=== Section Start ===

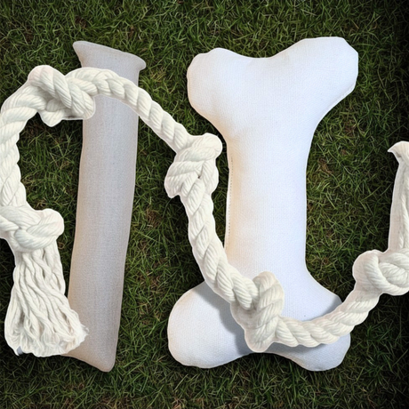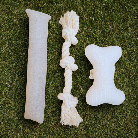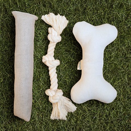 Natural Dog Toy Bundle for Cuddles, Fetch and Tugging - Small to Large Dogs Options
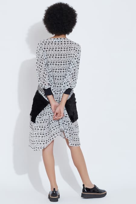 White short kaftan with all over geometric style print.
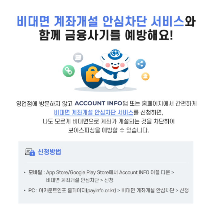 현재는 비대면 계좌개설 차단 신청이 제한적이므로 어카운트 인포를 통한 신청을 권장

=== Section End ===

### EXERCISE AIM
Take the data above and set it down exactly, images excluded.

### RESULT OF THIS TASK
 Natural Dog Toy Bundle for Cuddles, Fetch and Tugging - Small to Large Dogs Options
 White short kaftan with all over geometric style print.
 현재는 비대면 계좌개설 차단 신청이 제한적이므로 어카운트 인포를 통한 신청을 권장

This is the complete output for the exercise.